= William Roberts (Parliamentarian) =

English Member of Parliament

Sir William Roberts (1605–1662), of Neasden House at Willesden in Middlesex, was an English Member of Parliament.

He entered Gray's Inn in 1622, and was knighted in 1624. At the outbreak of the English Civil War he took the Parliamentary side, and was one of the commissioners named to try the king, although he did not take part in the trial. He became a member of the Council of State in 1653, was elected represent Middlesex in the parliaments of 1654 and 1656, and in 1658 was raised to Cromwell's new House of Peers.

In 1646, Roberts had become became one of the contractors to sell church lands, and in 1651 he bought the prebends of Neasden, Oxgate, Harlesden and Chambers and the estate of Westminster Abbey.
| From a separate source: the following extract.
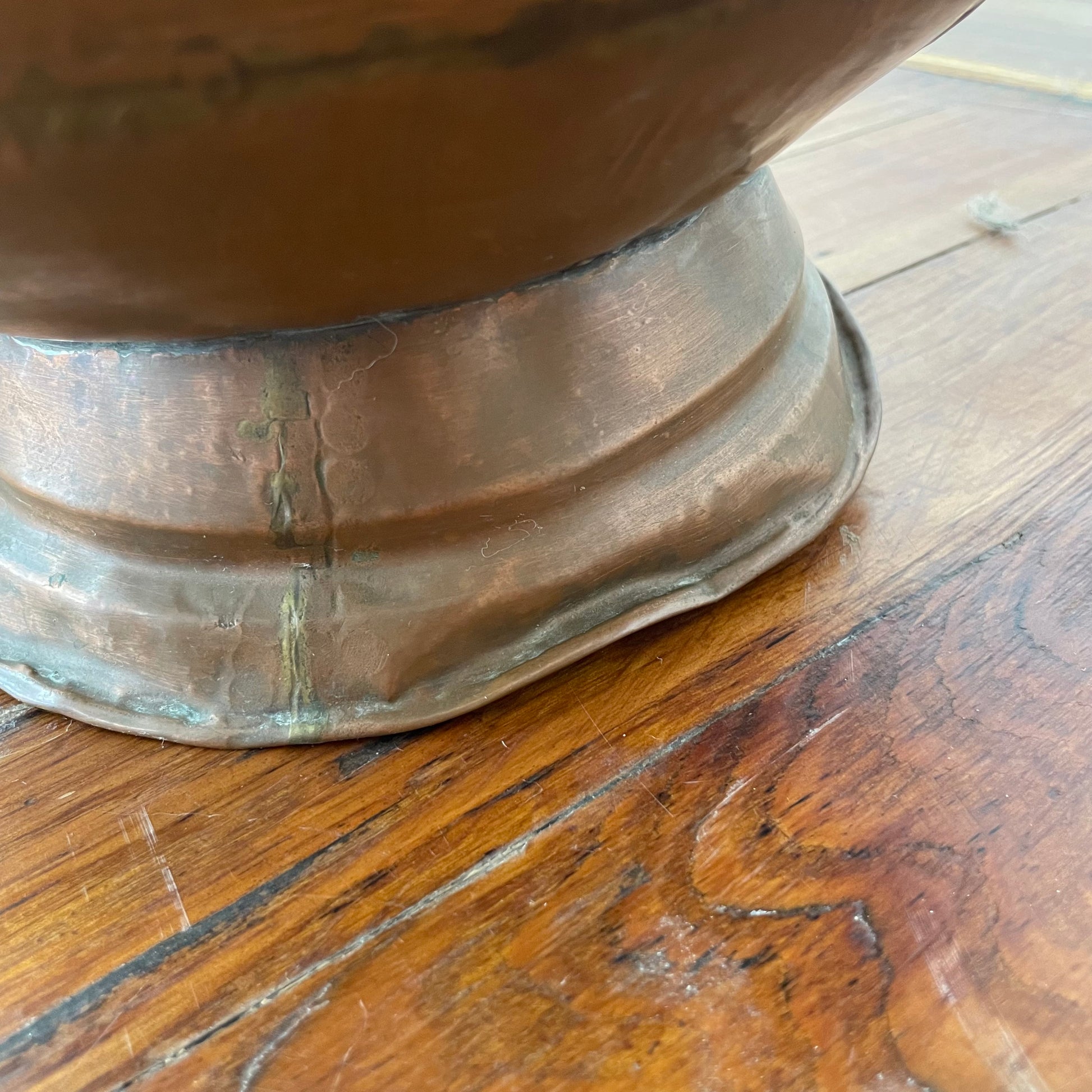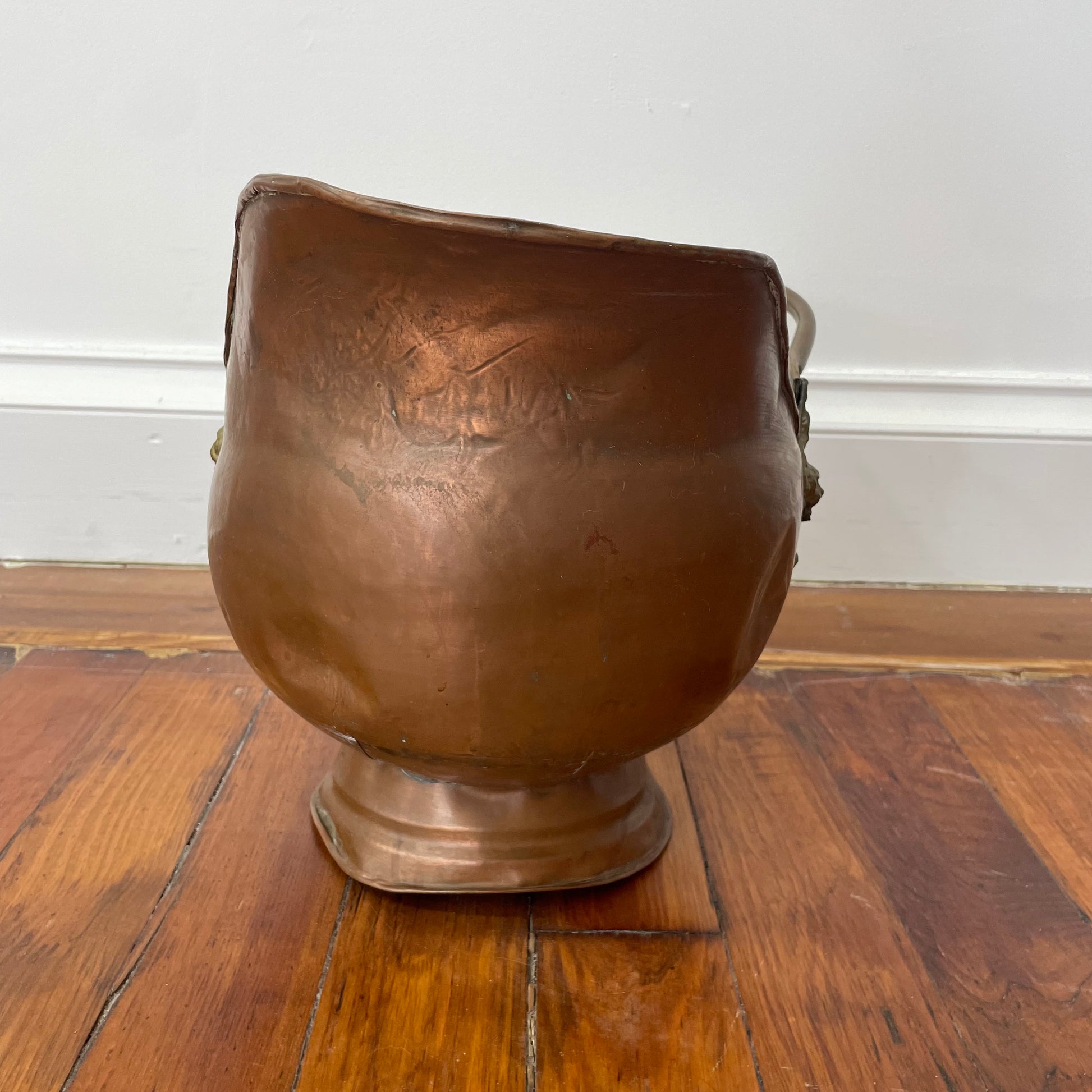 The standout detail is a pair of ornate lion head mounts flanking each side of the pitcher—classical motifs symbolizing strength and craftsmanship. The wear and patina on the copper give this piece warm character and authenticity, making it a perfect accent for hearths, rustic interiors, or vintage vignettes.

He had also augmented his estate by his marriage to Eleanor, daughter and heir of Robert Atye, with land in Hampstead and Kilburn. He retained his property after the Restoration, taking leases of the prebends when they reverted to the prebendaries, and leaving a significant fortune on his death.

Some sources mistakenly claim that after the Restoration, Roberts was created a baronet; in fact it was his son, also named William, who was made a baronet (in his father's lifetime), on 4 October 1661.